American Foreign Policy: Biden’s World Beyond China

GGiven that Xi Jinping considers the Sino-US relationship to be the most important bilateral relationship in the world, two major international crises currently played a minor role in his meeting with Joe Biden: the wars in Ukraine and the Middle East received relatively little coverage. .

A senior US government official said after a four-hour conversation on Wednesday at Villa Filoli, south of San Francisco, that Biden had raised concerns about Russia’s war against Ukraine. The president is saddened that Beijing has sided with Moscow. Jake Sullivan, Biden’s national security adviser, said Monday that U.S. intelligence agencies have not yet discovered that China is supplying Russia with weapons that will be used in the war.

Biden continues to push for two-state solution

On the war in the Middle East, government spokesman Xi Jinping said Biden demanded that China use its weight to deter Iran from provocations and escalation. Later at a press conference, Biden was questioned in detail about the situation in the Gaza Strip. In one respect he changed his language.

When asked if he had given Benjamin Netanyahu, the Israeli Prime Minister, a deadline by which he would be ready to support the operation in the Gaza Strip, he answered with surprising detail: he thinks the operation will end when Hamas no longer has orders forces to carry out the operation. attack Israel. But he’s not a fortune teller. So he doesn’t know how long it will take. He then added: “Ultimately, the violence will not stop until a two-state solution is found.”

Biden recalled that he told Netanyahu that he believed it would be a big mistake for Israel to reoccupy the Gaza Strip. This won’t work. He started to explain, but soon stopped. Attempts are being made, he began, and then added: It’s better not to talk about it now. After all, negotiations are currently underway with Arab states and other parties about next steps.

Secretary of State Antony Blinken recently proposed that the Palestinian Authority in Ramallah take over post-war governance of the Gaza Strip. Shortly after, Netanyahu rejected the statement and recalled that Palestinian President Mahmoud Abbas had not yet condemned the October 7 Hamas terrorist attack.

In fact, there are considerations in Washington and Europe for Gaza to be administered after the war by an autonomous authority supported by some Arab states. Reunification of the Palestinian territories – Gaza Strip and the West Bank – could revive the concept of a two-state solution.

Left-wing Democrats distance themselves from Biden

Notable in this context is Biden’s statement that the military operation in the Gaza Strip could end when Hamas no longer has the ability to attack Israel. Until now he expressed himself differently. Destroying extremists is a necessity for Israel, he said several times in October, and when asked, he reiterated that Hamas must be completely eliminated.

Democrat Biden is under pressure within his party over his apparent support for Israel: the party’s left is distancing itself. In addition, diplomats protested against the government’s course, and it is not only the Arab electorate that is threatening punitive measures. Young voters and parts of the African-American electorate are also moving away from Biden.

The issue of military assistance to Ukraine and the Middle East has not been resolved

A year before the presidential election, wars in the Middle East and Ukraine are increasingly becoming a domestic political problem for the president, especially since the issue of further military assistance has still not been resolved. On Thursday, Congress went into a nearly two-week recess. Thanksgiving Day will be celebrated in America next week. The new interim budget was passed early to avoid a federal administration shutdown. But this does not include military aid to Israel or Ukraine.

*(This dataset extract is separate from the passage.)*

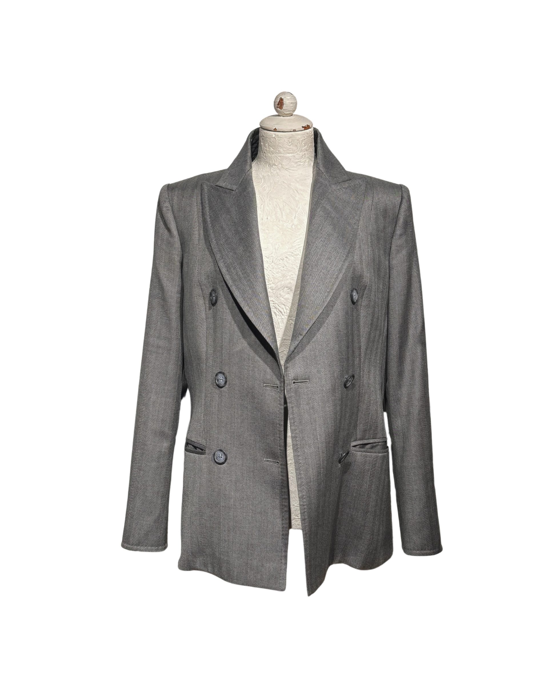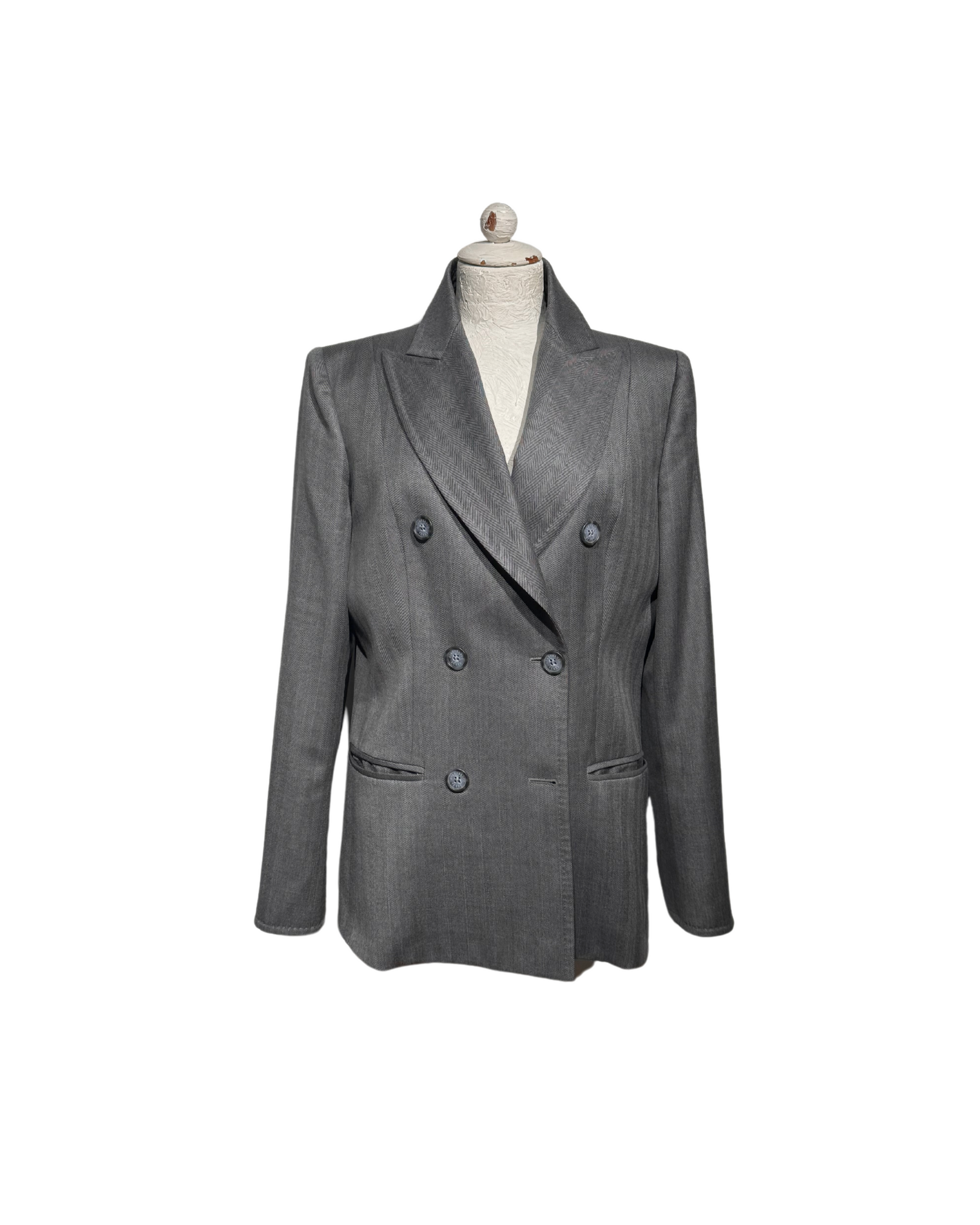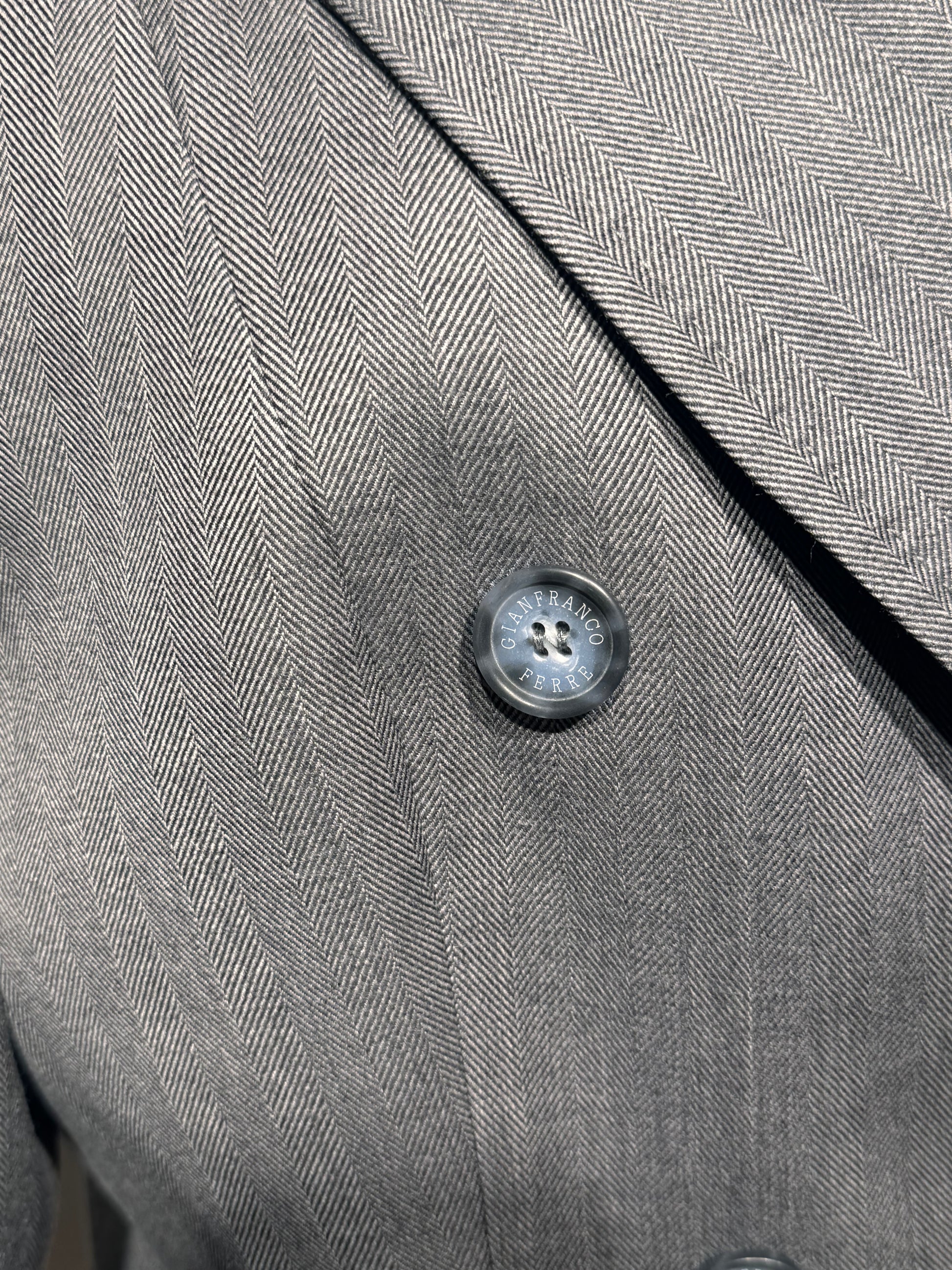 Giacca vintage Ferre realizzata in lana grigia a spina di pesce. Apertura doppio petto con bottoni grigi logati. Tasche laterali e spalline imbottite. Interno in seta.
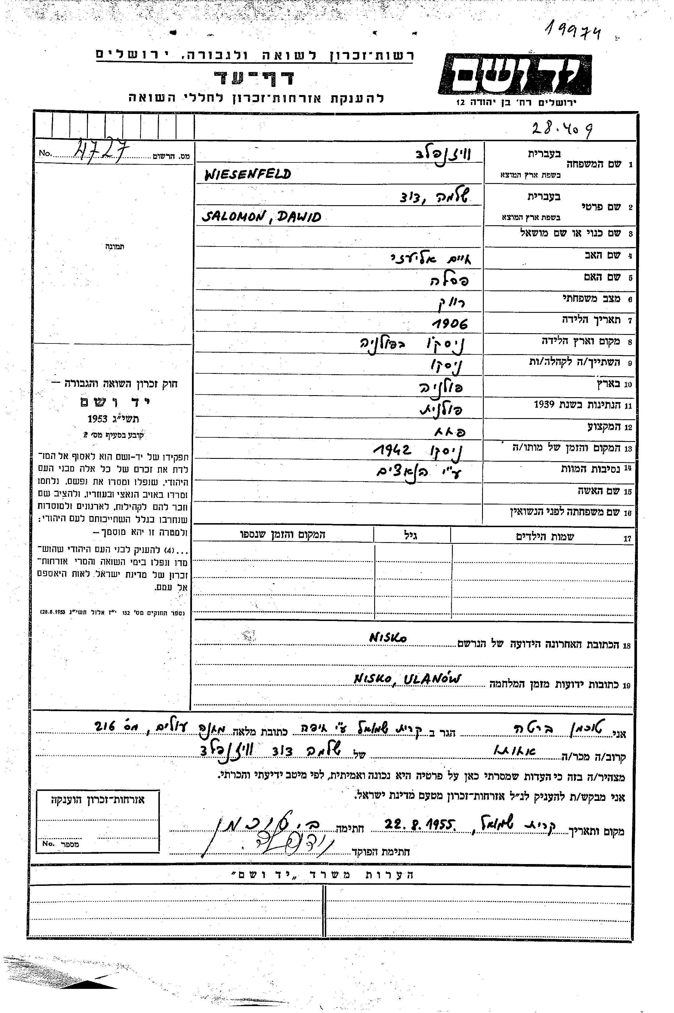 Salomon Dawid Wiesenfeld wurde im Jahr 1906 in Nisko, Polen geboren. Er war der Sohn von Khaim Eliezer und Pesla. Er war Blechschmied und Ledig. Vor dem Zweiten Weltkrieg lebte er in Nisko, Polen. Während des Krieges war er in Nisko, Polen.

There are cross-party majorities in both chambers supporting the relief packages. But Democrats who control the Senate want to consolidate the packages into resolutions, as Biden has proposed. Republicans, who make up the majority in the House of Representatives, have already passed a resolution that provides only military assistance to Israel. The group is divided over the issue of aid to Ukraine, which new Speaker Mike Johnson must take into account. Biden submitted an emergency budget request that included 60 billion for Ukraine and 14 billion for Israel. 14 billion is also intended to secure the country’s own southern border to curb the country’s migration crisis.

Some in Congress now fear that funds for Ukraine will no longer be approved because Speaker Johnson has to deal with Ukraine critics in his caucus and isolationist sentiment among Republicans. Chuck Schumer, the Democratic majority leader in the Senate, announced that the second chamber will consider Biden’s budget request after the Thanksgiving break. He hopes that an agreement can be found, even if neither side gets everything it wants.

An agreement could be reached if funding for border security were increased. The Senate compromise bill could then be sent to the House. It will then depend on whether the party right will allow Speaker Johnson to present the project in plenary.